Procter & Gamble plans to manufacture products for the Indian market locally, moving away from its decade-old strategy of importing a substantial proportion of goods, as the world's largest consumer goods maker seeks to emulate the cost structure of Hindustan Unilever Ltd (HUL) At present, a substantial chunk of its goods including skincare brand Olay and baby diaper brand Pampers are imported into the Indian market, which is an expensive proposition, according to the company.

More local production will result in P&G making products at low cost, that could translate into affordable products from the company, which has so far focused primarily on premium and mass premium products.

"You should expect a large part of production locally in the long term, so that most of them are 'made in India' products, given the growing size and scale of our business," said Tapan Buch, chief financial officer at P&G Hygiene and Healthcare Ltd. Buch did not give the percentage of products currently being made outside India. In early 2000, P&G had started shifting production to low cost South East Asian countries from the US, closer to growth markets such as China and India.

In a board meeting during first week of November, P&G Home Products, the unlisted unit the Cincinnati based consumer goods maker, approved an investment plan of Rs 360 crore in its unlisted arm. Earlier, in May, the company had approved an investment of Rs 345 crore, and this combined fund infusion of Rs 700 crore will be P&G's largest investment in India in a single year.

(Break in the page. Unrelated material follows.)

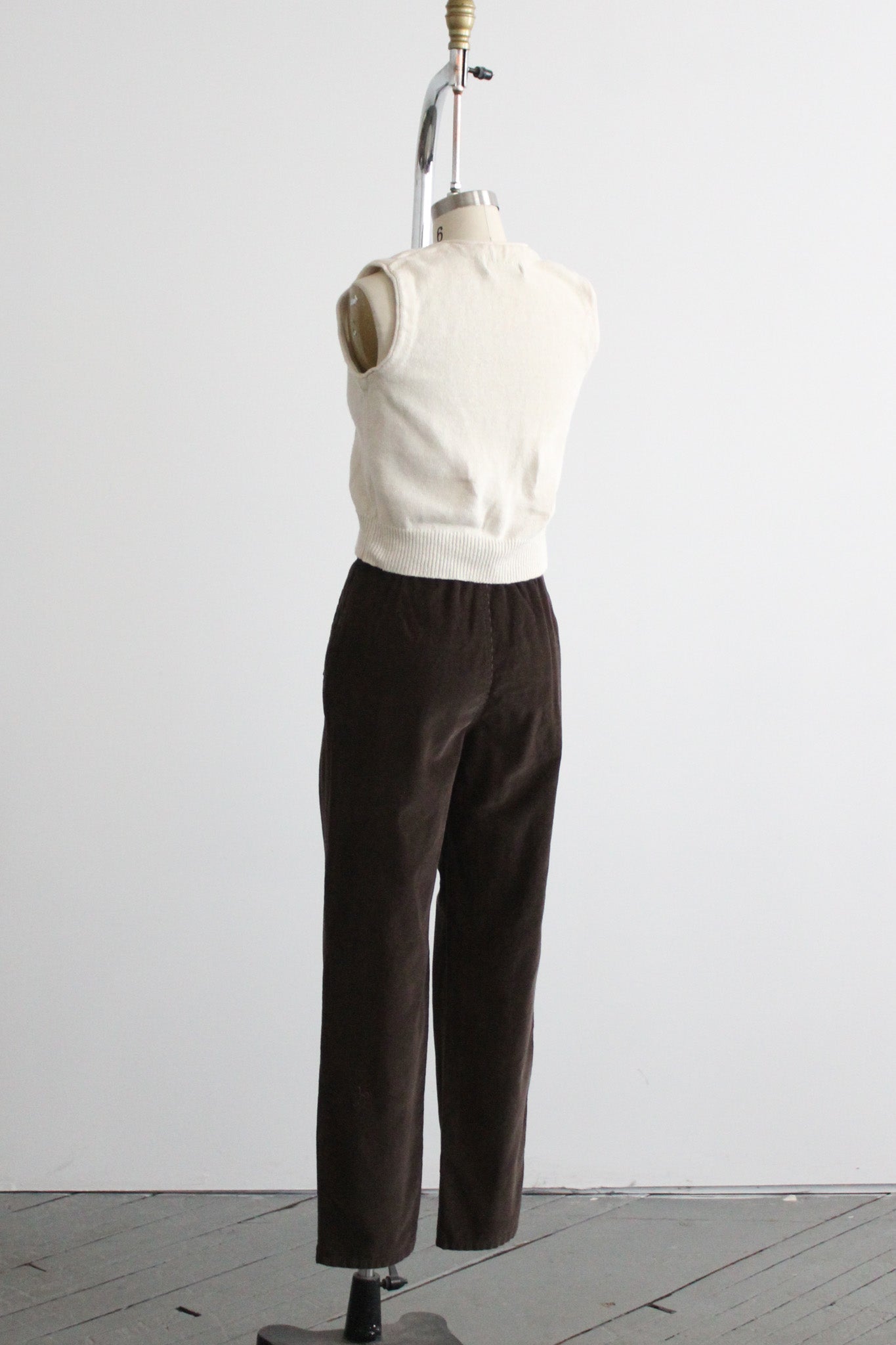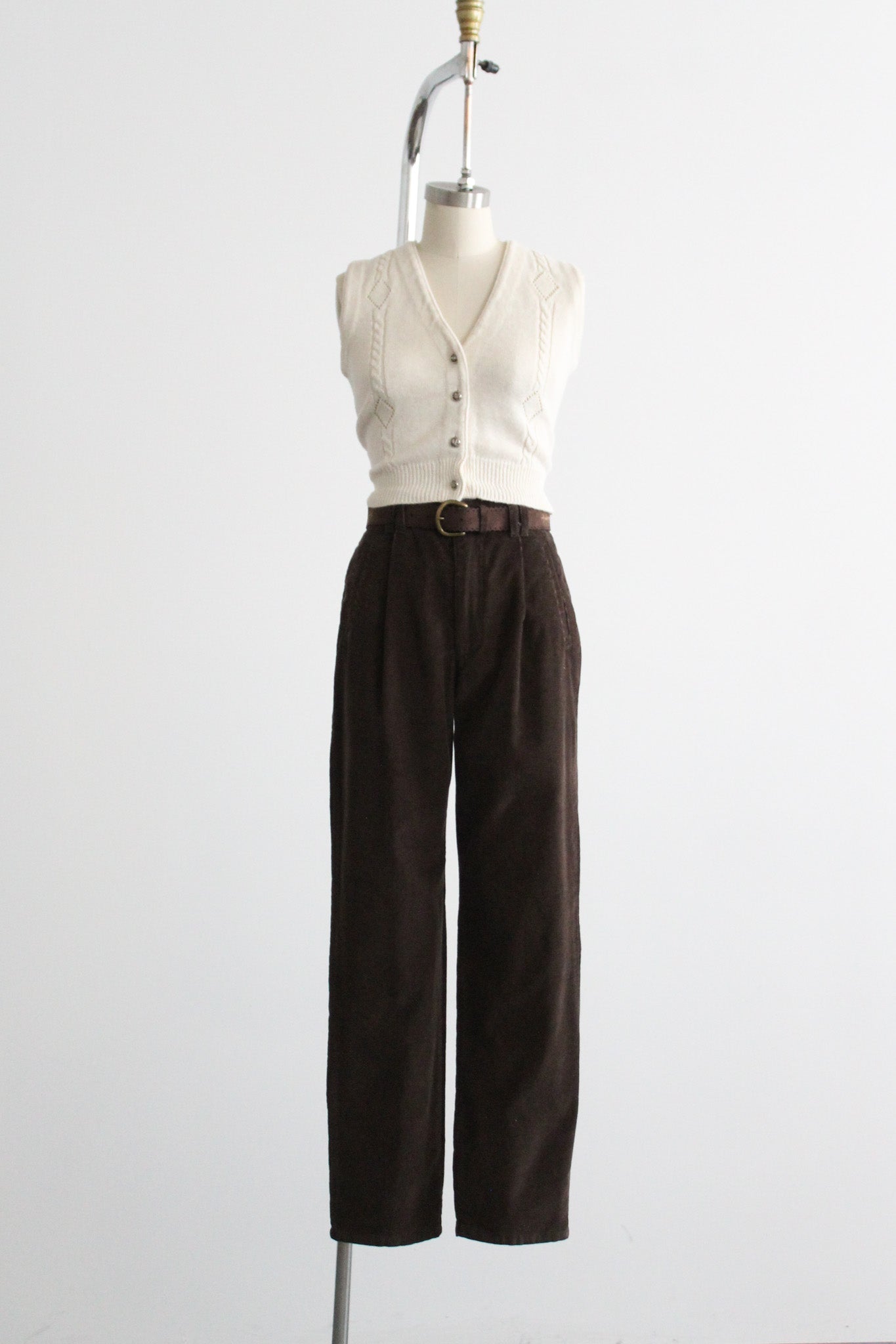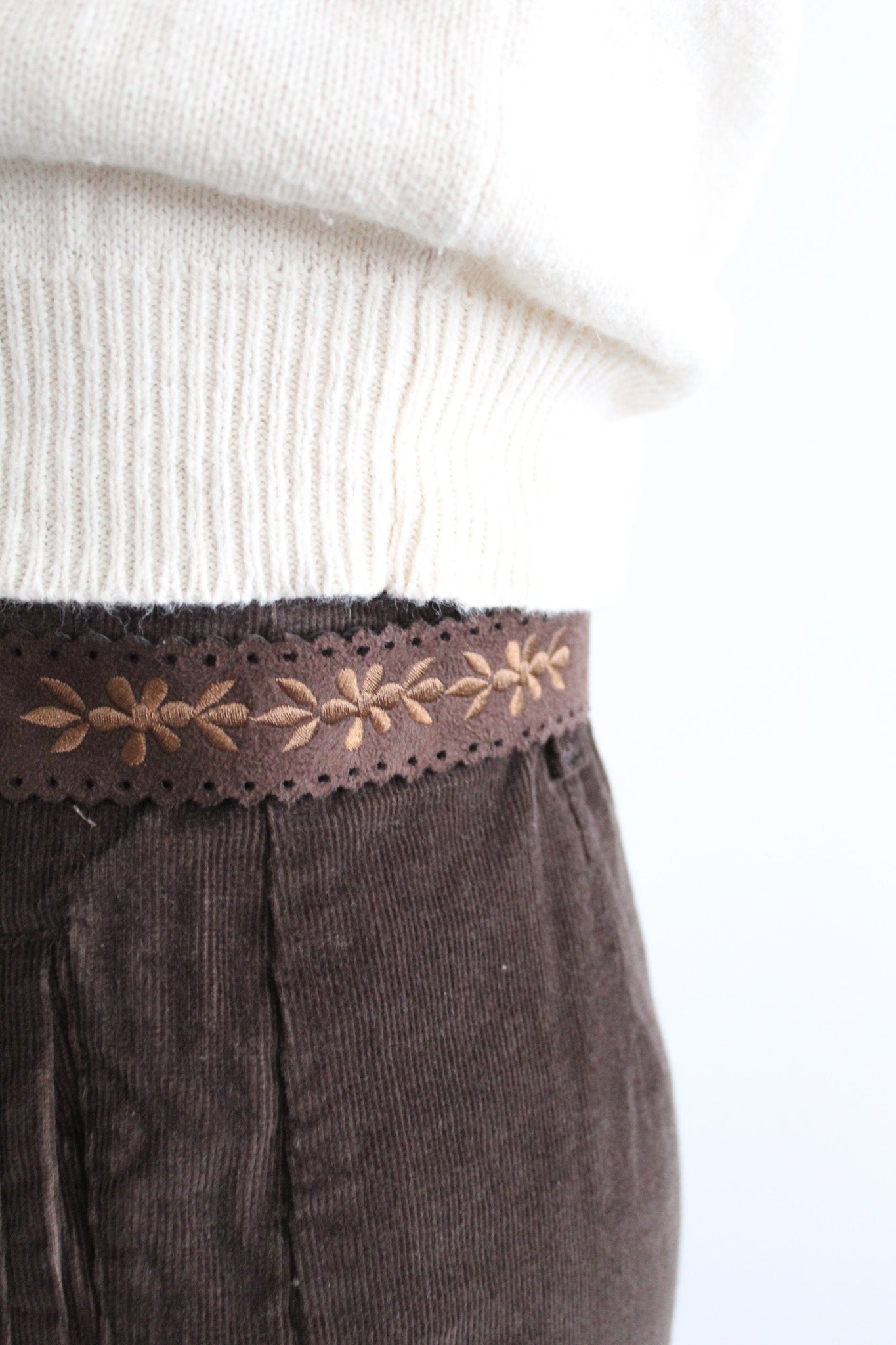 features of note: zip and button fly / straight leg / pockets at the hip / comes with a matching belt / elastic at the back of the waistline

Buch said the money will primarily go into sprucing up its existing multi-product manufacturing facility so that it can execute its strategy of reaching out to 'more consumers, in more parts of India, more completely.'

"The funds will be utilized to expand our manufacturing base, primarily at Bhopal in Madhya Pradesh. The investments will be broad based in terms of categories and will purely depend on how capital intensive each segment is at the moment," Buch said. "For instance, we could invest more on baby care products as a major part of it is imported."

An industry executive said Procter & Gamble (P&G) is scouting for land in Hyderabad and Chennai to set up two factories, but the company did not confirm it.

Traditionally P&G in India have been focusing on premium brands Head & Shoulders, Ariel and Pantene, which are its cash cow and generates over 60% of its total revenues.

But now, P&G is planning to target consumers across the pyramid, with products in laundry, hair and skin care straddling several pricepoints.

It has doubled its distribution reach over the past couple of years and now has a direct reach of 1.3 million outlets, against HUL's direct reach of 1.6 million outlets.

"Although India is only a small part of P&G's current portfolio, they are very focused on becoming more present in the emerging markets.

India is a key priority for it as it continues to grow well-a growing population with growing incomes," said Ali Dibadj, senior analyst from US brokerage firm Sanford Bernstein.

While developing markets account for just 30% of global sales for P&G, arch rival Unilever earns more than half of its revenues from India, Brazil, Indonesia, South Africa, China and Vietnam.

P&G Global Chairman & CEO Robert McDonald's stated goal is to garner 800 million new customers by 2015, most of them from Asia and Africa.

The target consumer in these markets is those earning less than Rs 100, or $2, a day. P&G has three subsidiaries in India. Two of its listed companies are Procter & Gamble Health & Hygiene, which markets feminine hygiene brand Whisper, and Vicks anti-cold balm and lozenges, and Gillette India, maker of razors and other shaving products.